In two talks Saturday, Feb. 16, 2013, at the conference of the American Association for the Advancement of Science in Boston, Sheila Blumstein, the Albert D. Mead Professor of Cognitive, Linguistic, and Psychological Sciences at Brown University, will describe how she has been translating decades of brain science research into a potential therapy for improving speech production in these patients. Blumstein will speak at a news briefing at 10 a.m. and at a symposium at 3 p.m.
About 80,000 people develop aphasia each year in the United States alone. Nearly all of these individuals have difficulty speaking. For example, some patients (nonfluent aphasics) have trouble producing sounds clearly, making it frustrating for them to speak and difficult for them to be understood. Other patients (fluent aphasics) may select the wrong sound in a word or mix up the order of the sounds. In the latter case, “kitchen” can become “chicken.” Blumstein’s idea is to use guided speech to help people who have suffered stroke-related brain damage to rebuild their neural speech infrastructure.
Blumstein has been studying aphasia and the neural basis of language her whole career. She uses brain imaging, acoustic analysis, and other lab-based techniques to study how the brain maps sound to meaning and meaning to sound.
What Blumstein and other scientists believe is that the brain organizes words into networks, linked both by similarity of meaning and similarity of sound. To say “pear,” a speaker will also activate other competing words like “apple” (which competes in meaning) and “bear”(which competes in sound). Despite this competition, normal speakers are able to select the correct word.
In a study published in the Journal of Cognitive Neuroscience in 2010, for example, she and her co-authors used functional magnetic resonance imaging to track neural activation patterns in the brains of 18 healthy volunteers as they spoke English words that had similar sounding “competitors” (“cape” and “gape” differ subtly in the first consonant by voicing, i.e. the timing of the onset of vocal cord vibration). Volunteers also spoke words without similar sounding competitors (“cake” has no voiced competitor in English; gake is not a word). What the researchers found is that neural activation within a network of brain regions was modulated differently when subjects said words that had competitors versus words that did not.
One way this competition-mediated difference is apparent in speech production is that words with competitors are produced differently from words that do not have competitors. For example, the voicing of the “t” in “tot” (with a voiced competitor ‘dot’) is produced with more voicing than the “t” in “top” (there is no ‘dop’ in English). Through acoustic analysis of the speech of people with aphasia, Blumstein has shown that this difference persists, suggesting that their word networks are still largely intact.
An experimental therapy
The therapy Blumstein has begun testing takes advantage of what she and colleagues have learned about these networks.
“We believe that although the network infrastructure is relatively spared in aphasia, the word representations themselves aren’t as strongly activated as they are in normal subjects, leading to speech production impairments,” she said. “Our goal is to strengthen these word representations. In doing so it should not only improve production of trained words, but also have a cascading effect and strengthen the representations of words that are part of that word’s network.”
Much like physical therapy seeks to restore movement by guiding a patient through particularly crucial motions, Blumstein’s therapy is designed to restrengthen how the brain accesses its network to produce words by engaging patients in a series of carefully designed utterances.
“We hope to build up the representation of that word and at the same time influence its whole network,” she said.
Overall the therapy is designed to last 10 weeks with two sessions a week. In one step of the regimen, a classic technique, a therapist will ask patients to repeat certain training words with a deliberate, melodic intonation. The next session the therapy would repeat those words without the chant-like tone.

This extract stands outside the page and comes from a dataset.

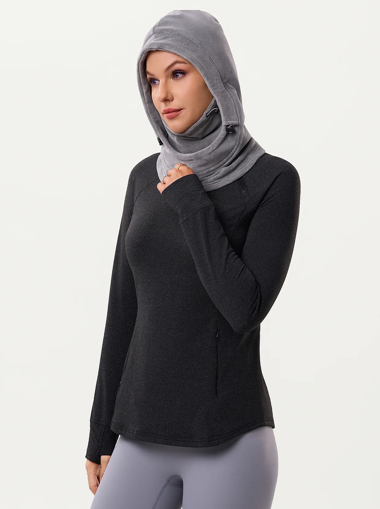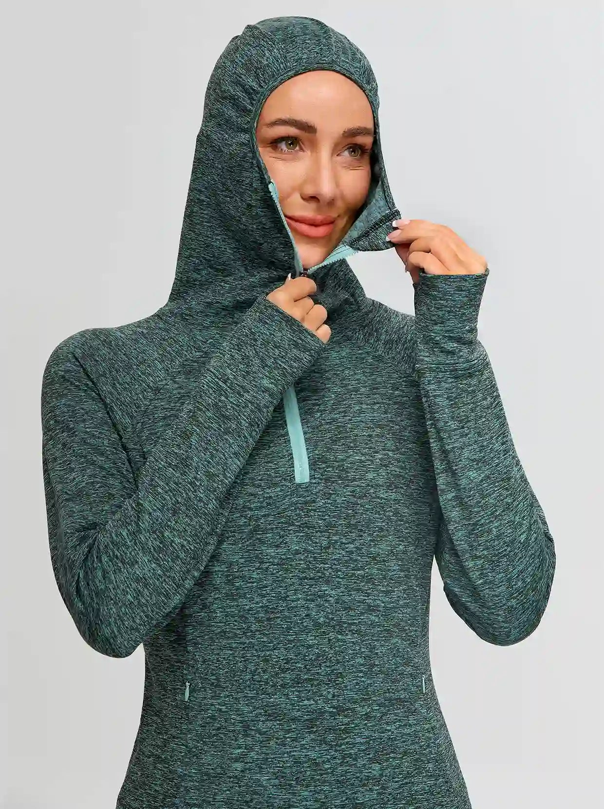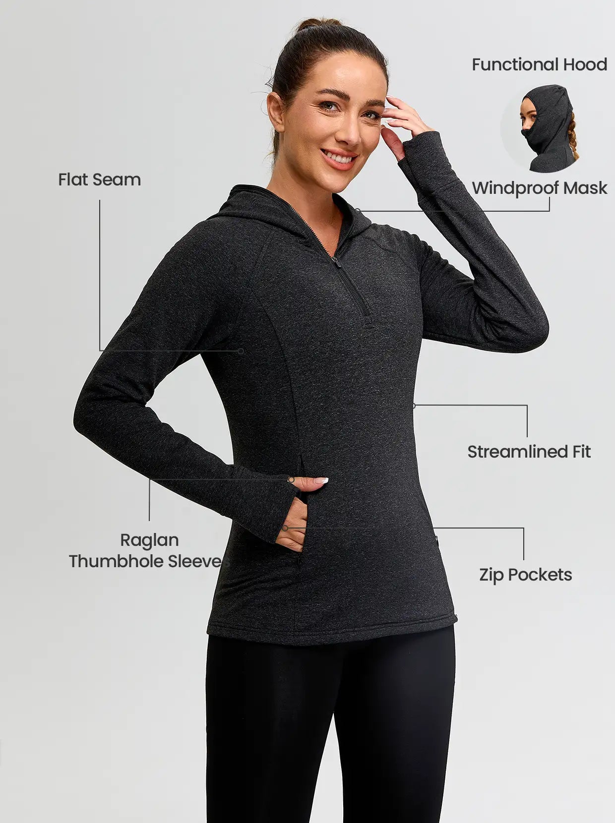 Half-zip Hoodies Long-sleeve Thermal Top for Women

“Having to produce words under different speaking conditions shapes and strengthens underlying word representations,” said Blumstein, who is affiliated with the Brown Institute for Brain Science.

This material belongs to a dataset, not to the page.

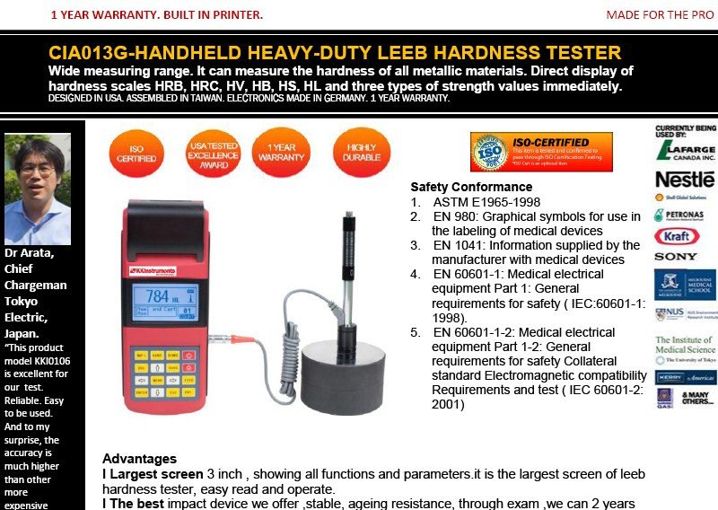 CIA013G-COMPLETE LARGE SCREEN LEEB HARDNESS TESTER W PRINTER/USB SOFTWARE/MENU DISPLAY

Confronting the delicate distinctions of words in the network head-on, Blumstein asks patients to say words that sound similar. “Pear” and “Bear” for example. Explicitly saying similar words, Blumstein said, requires that their differences be accentuated, thus helping strengthen the brain’s ability to distinguish them.
Finally the therapy builds upon these earlier exercises by encouraging patients to repeat words they have not been practicing. A patient’s ability to correctly repeat untrained words is an important test of whether the therapy can generalize to the broader networks of the training words.
In early testing with four patients, two fluent and two nonfluent, Blumstein said she has seen good results. After only two proof-of-concept sessions — one week’s worth of training — three of four patients showed improved precision in producing similar sounding trained and untrained words, as measured via computer-assisted acoustic analysis. The patients also produced fewer speaking errors and had to try fewer times to say what they were supposed to.
If the therapy proves successful, Blumstein said, one effect she’ll be watching for is whether it allows people with aphasia to speak more, not just more accurately. That would represent the fullest restoration of expression and language communication.